Traditionally, developers made applications and shipped them to operations, and did not have any further responsibilities. Operations received an application and deployed it on the servers, and if something didn’t work, they would report back and say it didn’t work. Whether this was because of an operating system update, a bug in the application or a misconfiguration of variables was not easy to figure out.
Both parties did their job, but still ended up in the situation where the service was unavailable or degraded until someone noticed - hopefully not the customer. Both can argue that they didn’t change anything of importance, and both still have to double check their work until the cause is found, and both have to use valuable time on something that possibly could have been prevented.
The technology value stream. The participants are strictly separated, similarly to the waterfall methodology, and nothing comes back upstream.
The conflicting goals of dev and ops is a conflict that will continue as long as the company exists, and the longer they are in conflict, the worse the problem will probably get. However, both of these groups exist in the same company, and should, in theory, have the same aligned goals, ensuring to fulfill both of the goals at the same time. Behold, DevOps.
DevOpsPermalink
The main goal of DevOps is to make deployments safer, mitigating the problems described above. The foundation, however, is to enhance cooperation and align the goals of the participants of the technology value stream, from feature request to user adoption.
The Fluffy PartsPermalink
The book The DevOps Handbook divides the improvement on this topic in two parts: Flow and feedback.
The main concept in flow is the flow of tasks, left to right, in the technology value stream. It consists of dividing projects or features into smaller tasks, much in alignment with the agile methodology. Smaller tasks will normally cause less change, which again usually leads to lower risk deployments. The tasks should also be visible, so that potential bottlenecks can be discovered and improved upon.
The technology value stream, where all participants have the same goals and cooperate accordingly.
The feedback topic deals with the waterfall concept.

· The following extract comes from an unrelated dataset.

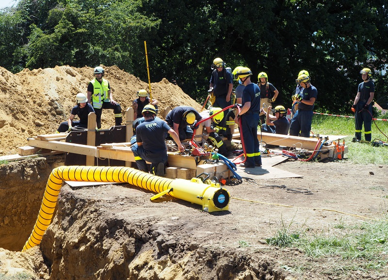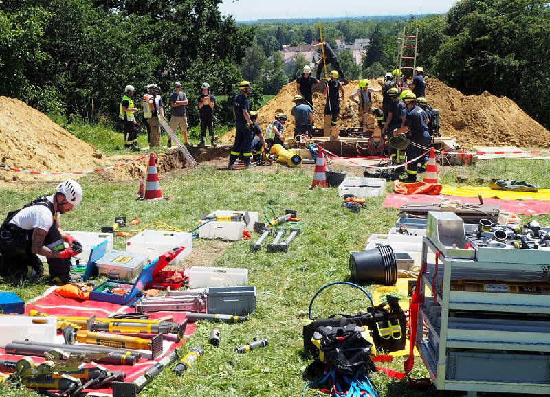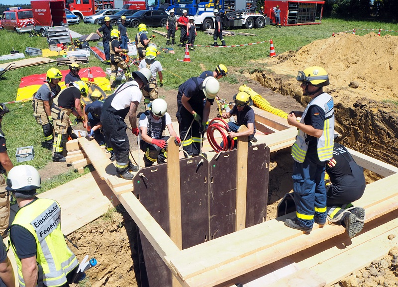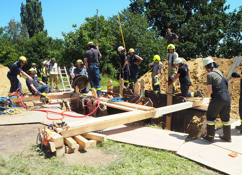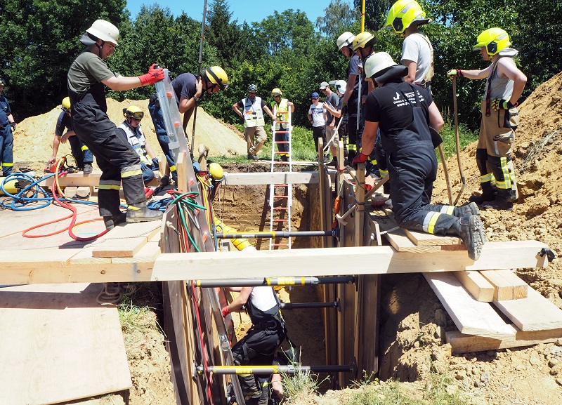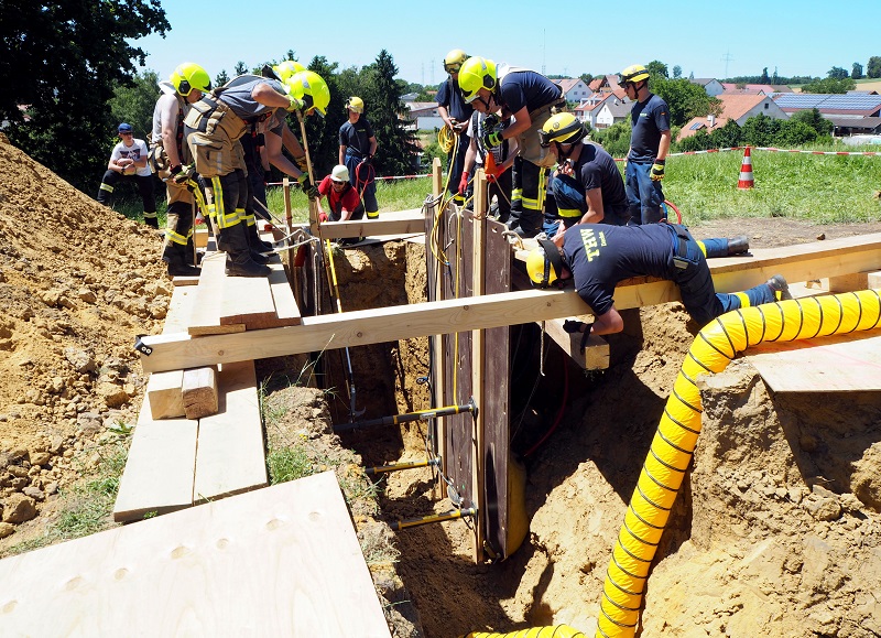 Die Ausbilder Irakli West (Heavy Rescue Germany), Josef Grain (Kreisbrandinsepktion) und Andreas Schultes (THW) haben sich wieder einiges einfallen lassen, um die Teilnehmer nicht nur wegen der Temperaturen ins Schwitzen zu bringen. Für die neuen Kräfte aus Eisenhofen und Weichs stand zunächst Grundlagenschulung im Bereich Tiefbauunfälle auf dem Programm, während die bereits erfahrene Mannschaft aus der Feuerwehr Günding sowie dem THW parallel Übungsszenarien mit komplexeren Anforderungen bewältigen musste.

Feedback enables information flow from right to left in the technology value stream. This information should be used for analysis, reflection and education, to implement countermeasures that prevent the same error from happening again.
Concrete PracticesPermalink
There are many technical parts that enable the fluffy parts, but neither one alone can be called DevOps per se. Some of the practices are:
- Deployment pipeline
- Automated testing
- Low-risk releases
- Telemetry
Each contributes to the quality of the value stream of the company in their respective ways.
The deployment pipeline automates shipment of releases into the different environments. It makes the process effortless, consistent and repeatable. Deployments can use different strategies such as blue-green deployments, A/B-testing or gradual rollout.
Automated testing ensures quality continuously, by checking the implemented tests regularly. They should be run at a per commit or pull request basis. Integration tests involving multiple services should also be run frequently to discover potential incompatibilities.
Low-risk releases involves multiple aspects of software development. Firstly, fewer changes in the release yields lower risk for that particular deployment. Secondly, the software and services should be designed for such incremental changes, using concepts as modularity or feature flags. The releases should be deployed to production shortly after creation, although not strictly coupled.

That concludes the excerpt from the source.